Broad had no problems acclimatising to the conditions, ending Petersen’s innings en route to figures of 3-96 from 35 overs.

The Nottinghamshire paceman admired the way England’s four-man pace attack kept their discipline, but admitted Petersen stopped them in their tracks as they looked to make early inroads.

“There is always that expectation and pressure when you win the toss and bowl but, wicket wise, I don’t think it was difficult to bat on,” he added.

“It took a fantastic knock from Petersen; although he played and missed a lot, he played fantastically well to get there.

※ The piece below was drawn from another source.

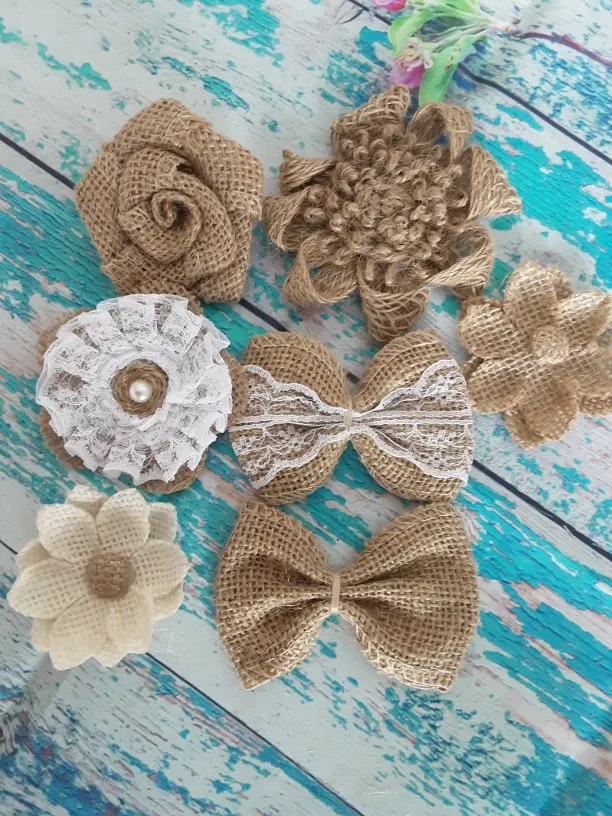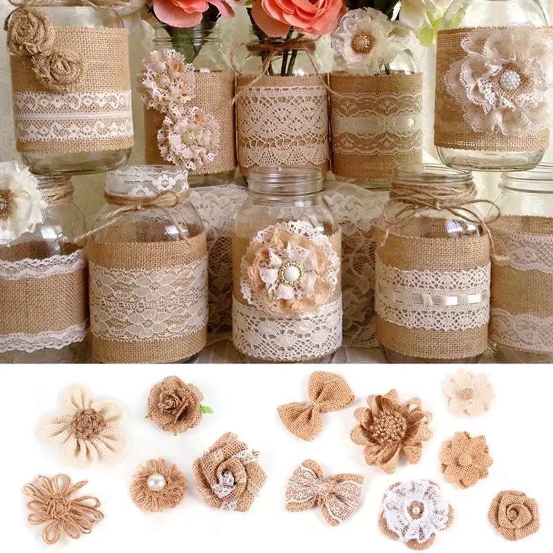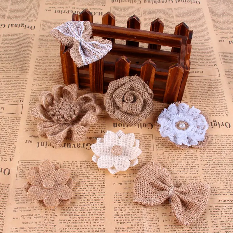 Fengrise джутовые цветы ручной работы из мешковины, винтажные Свадебные украшения для самодельного изготовления в деревенском стиле

“It took one of those knocks to stop us from bowling them out cheaper. We stuck to it quite well as a bowling unit; the wicket was quite slow, although it did seam on the odd occasion. It did enough where the players could play inside the line.”

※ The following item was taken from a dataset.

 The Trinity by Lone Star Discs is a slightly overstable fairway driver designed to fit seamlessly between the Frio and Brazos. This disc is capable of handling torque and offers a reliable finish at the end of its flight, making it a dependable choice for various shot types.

Proteas assistant coach Russell Domingo, who confirmed Petersen was going for a scan on a hamstring strain in his right leg, was satisfied with the position his team are in.

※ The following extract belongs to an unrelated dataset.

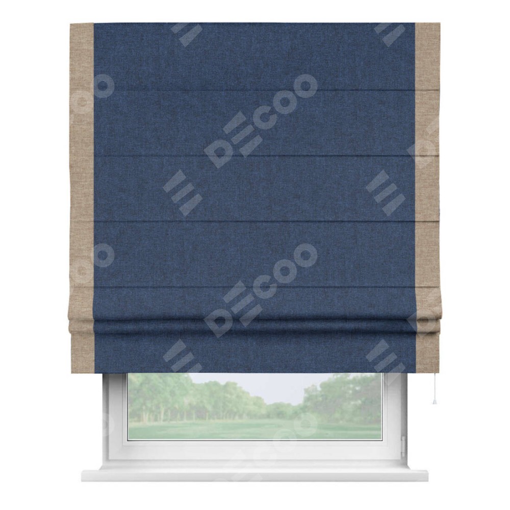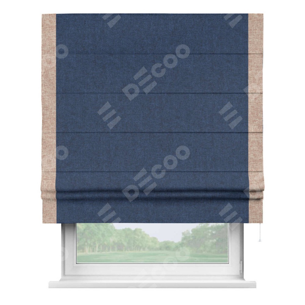 Римская штора пошита из ткани лён кашемир тёмно-синий, артикул: 17215, с отделкой кантом «Стрим Дуо» выделяется наличием кантов по обоим бокам шторы, слева и справа. Этот дизайн придает шторе аккуратный и завершенный вид, акцентируя вертикальные линии и визуально вытягивая окно в высоту. Отделка кантом по бокам не только украшает штору, но и служит практической функцией, укрепляя края и продлевая срок службы изделия.

“At start of play yesterday, if someone said, you would be 420 all out on that wicket in the second Test match when you are 1-0 up, then we would have taken it hands down,” he said.

“We are pretty happy with where we are at the moment. We know there is a lot of hard work ahead.

“We probably didn’t make them play enough and we know we need to improve those skills tomorrow. You are not going to get it 100% all the time, but it’s not through a lack of effort.”

Petersen was the stand-out performer for the tourists again with his fourth Test ton, and Domingo added: “He is a match-winner and a guy who can get really big scores. He has had a really good start to his Test career.”